To determine the extent of beta-cell function in youth with diabetes and GAD65 and/or IA2 autoantibodies.


Fasting C-peptide levels from 2,789 GAD65- and/or IA2 autoantibody-positive youth aged 1-23 years from the SEARCH for Diabetes in Youth study were used. Preserved beta-cell function was defined on the basis of cut points derived from the Diabetes Control and Complications Trial (DCCT) (fasting C-peptide > or =0.23 ng/ml) and from the U.S. adolescent population of the National Health and Nutrition Examination Survey (NHANES) 5th percentile for fasting C-peptide (> or =1.0 ng/ml). We compared the clinical characteristics between those with and without preserved beta-cell function.

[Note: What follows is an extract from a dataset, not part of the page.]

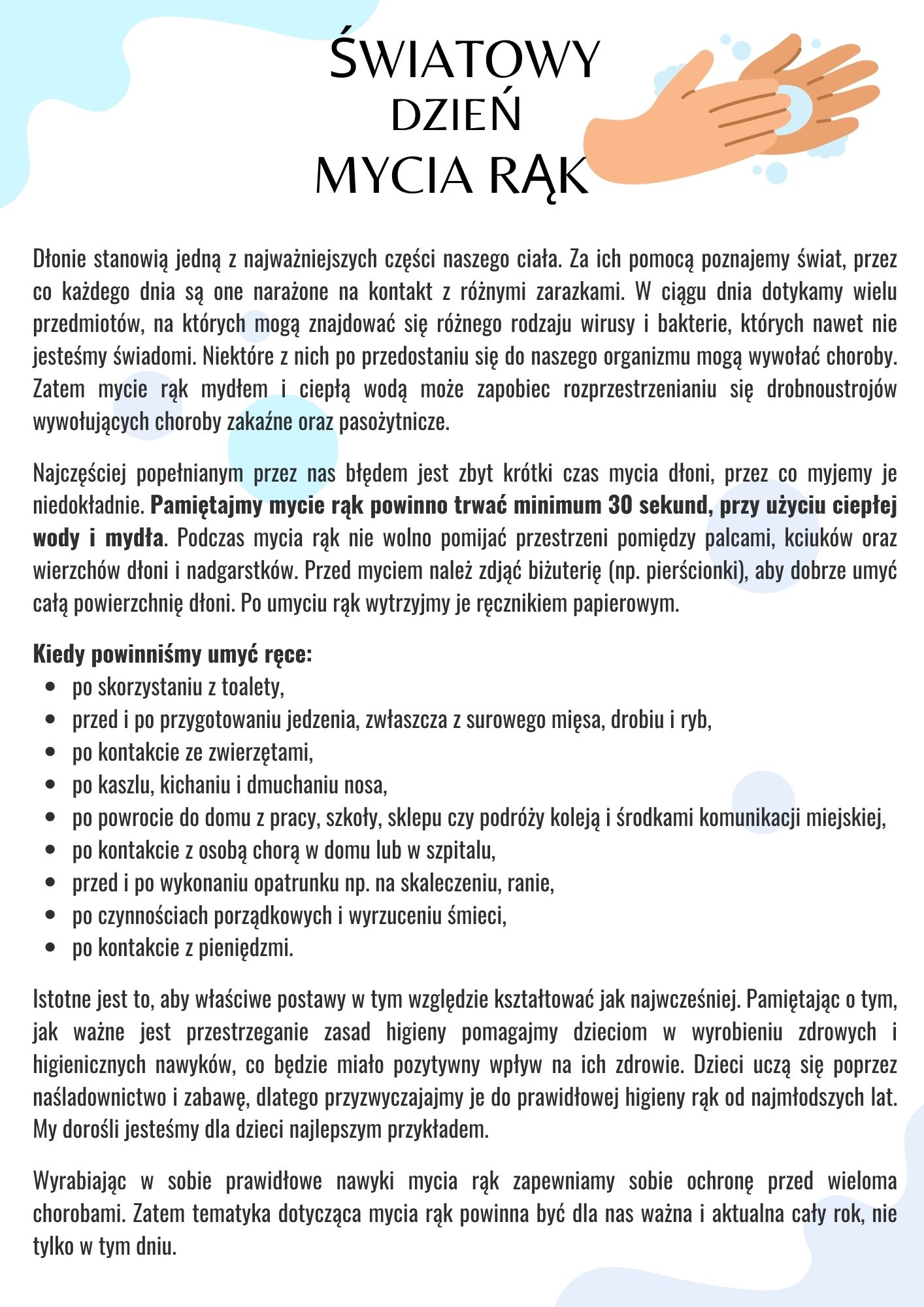 Światowy Dzień Mycia Rąk to święto obchodzone corocznie 15 października, jako akcja edukacyjna, której celem jest uświadomienie społeczeństwu jak duże znaczenie dla naszego zdrowia ma mycie rąk. Organizowane w tym dniu wydarzenia pomagają promować tę prostą czynność i uświadamiać kluczową rolę, jaką odgrywa ona w ochronie zdrowia i życia ludzi.
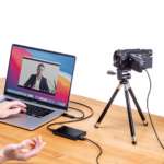 デジカメやビデオカメラに搭載されたオートフォーカスや露出調整を使えばPC搭載のカメラよりも明るくキレイな映像でコミュニケーションできるし、ズームやチルト、パン機能なども自由自在。写したい対象にすぐカメラを向けることができるから、発言中のメンバーやホワイトボード、試作中のサンプルなど、見せたいモノの映像をスムーズに相手に届けられます。これならオンラインでも質の高い会議が行えそう!

Within the first year of diagnosis, 82.9% of youth had a fasting C-peptide > or =0.23 ng/ml and 31.2% had values > or =1.0 ng/ml. Among those with > or =5 years of diabetes duration, 10.7% had preserved beta-cell function based on the DCCT cutoff and 1.0% were above the 5th percentile of the NHANES population.


Within the 1st year of diagnosis, four of five youth with autoantibody-positive diabetes have clinically significant amounts of residual beta-cell function and about one-third have fasting C-peptide levels above the 5th percentile of a healthy adolescent population. Even 5 years after diagnosis, 1 of 10 has fasting C-peptide above a clinically significant threshold. These findings have implications for clinical classification of youth with diabetes as well as clinical trials aimed to preserve beta-cell function after diabetes onset.